The Eagles have Fletcher Cox, Malik Jackson, Timmy Jernigan, and Treyvon Hester. They're good to go at DT.
The Eagles don't have any superstars at linebacker, but they have two good starters in Nigel Bradham and Zach Brown, and plenty of capable depth. I don't see any resource-depleting moves being made here.
If anything, I think this is the one position where the Eagles could trade one of their own players for something else. I don't see them acquiring anyone from the outside.
Malcolm Jenkins is currently away from the team (though I don't see that as a situation that will drag on for long), Rodney McLeod is still recovering from a serious knee injury, and if the team keeps Andrew Sendejo, they'll miss out on a fourth-round compensatory pick in 2020. The Eagles also have a few guys with modest NFL experience in Tre Sullivan Blake Countess, Deiondre' Hall, and Godwin Igwebuike, but nobody they should feel comfortable with should they need to start at any point this season.

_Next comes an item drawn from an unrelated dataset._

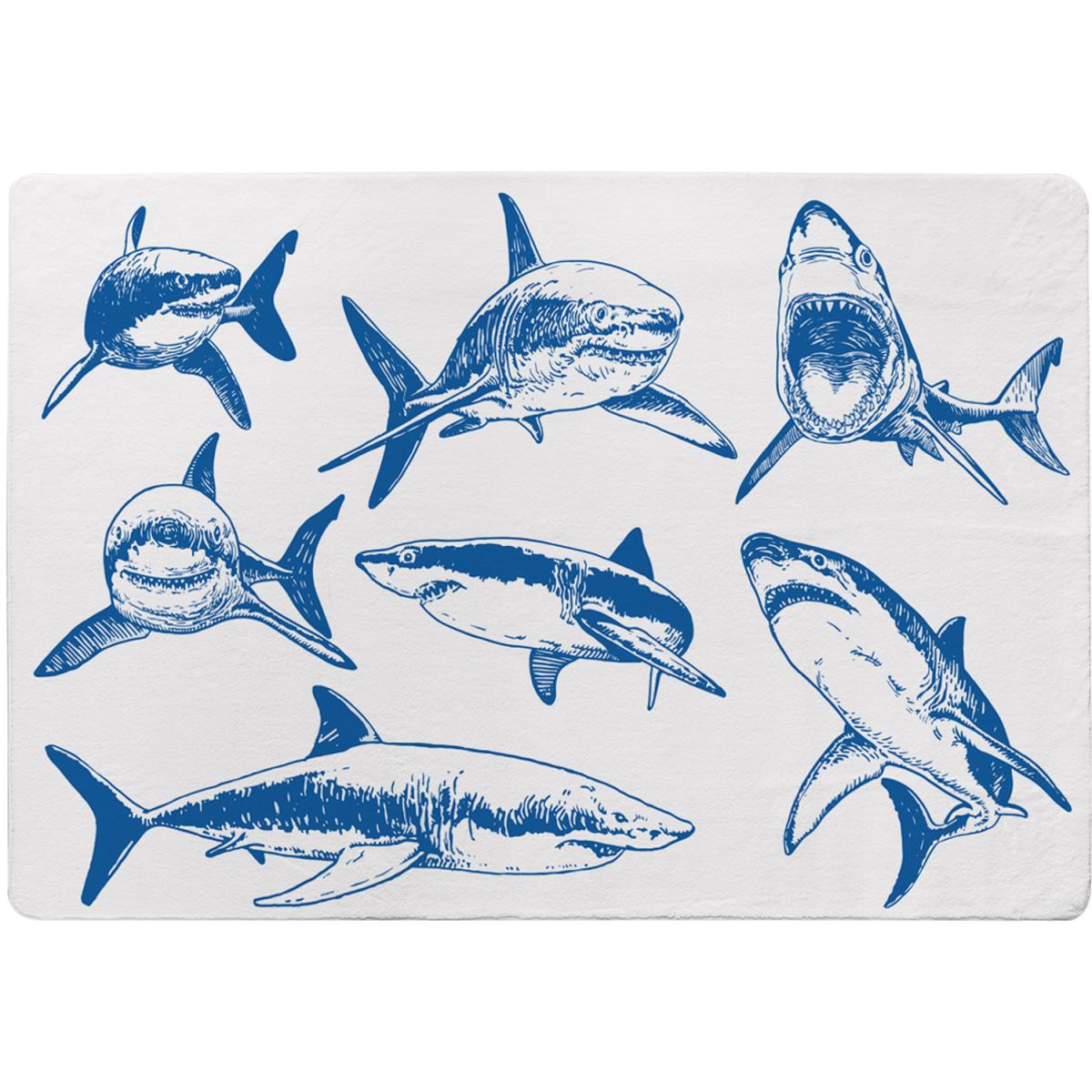 Graphical Set Of Blue Sharks Isolated On White Background Designer Rug - Blue / 200cm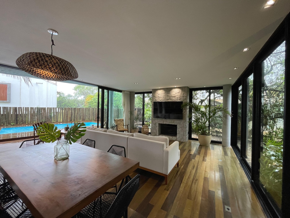 A special place to relax with family and connect with nature, featuring a charming view of the lagoon and the sea in the background. The house combines sophisticated design with rustic elements, creating a cozy and welcoming atmosphere. Large windows integrate the indoor spaces with the surrounding landscape, giving the feeling of being immersed in greenery. A/C in all bedrooms, high-quality bed and bath linens, and a well-equipped kitchen ensure comfort for you and your family during your stay.

It's not urgent, but the Eagles could still be looking to add a safety. A couple who make sense:
• Glover Quin: Quin is a ten-year NFL veteran who hasn't missed a game in a decade, who was released by the Lions this offseason because he was set to count for nearly $8 million on their cap. As we've pointed out repeatedly here, Jim Schwartz likes his safeties to have cornerback experience in their backgrounds, and Quin applies. In fact, Schwartz signed him in free agency back in 2013. Quin lost playing time in a new regime under Matt Patricia last year, but he was a very productive player in 2017, totaling 84 tackles, 3 INTs (including a pick 6), and 4 forced fumbles.
Personally, I think he's a far better fit than Sendejo, though to note, according to Dave Birkett of the Detroit Free Press, Quin is reportedly contemplating retirement if a solid enough offer does not present itself. As in, he's not just going to continue to play for some sort of veteran minimum contract. Perhaps Quin would take something of a discount to play for Schwartz on a team with realistic Super Bowl aspirations? I mean, would you rather have Glover Quin plus a fourth round pick, orrrrrrrr Andrew Sendejo? ¯\_(ツ)_/¯
• Karl Joseph: I loved Joseph coming out of college. He doesn't have great size at 5'10, 205, but Schwartz doesn't seem to care much about that. Despite that smallish size, Joseph is a big hitter, and he has plenty of athleticism. I can't claim to have watched many Raider games over the last three years, and thus can't speak intelligently on why Joseph's career has been a disappointment in Oakland, but a Raider guy I trust feels as though he can still be a good starter at free safety, in something of the McLeod role.
The Raiders signed Lamarcus Joyner in free agency, and then drafted Johnathan Abram in the first-round of the 2019 NFL draft, before declining Joseph's fifth year option. He is clearly not in the Raiders' long-term plans, and can probably be had at a reasonable cost.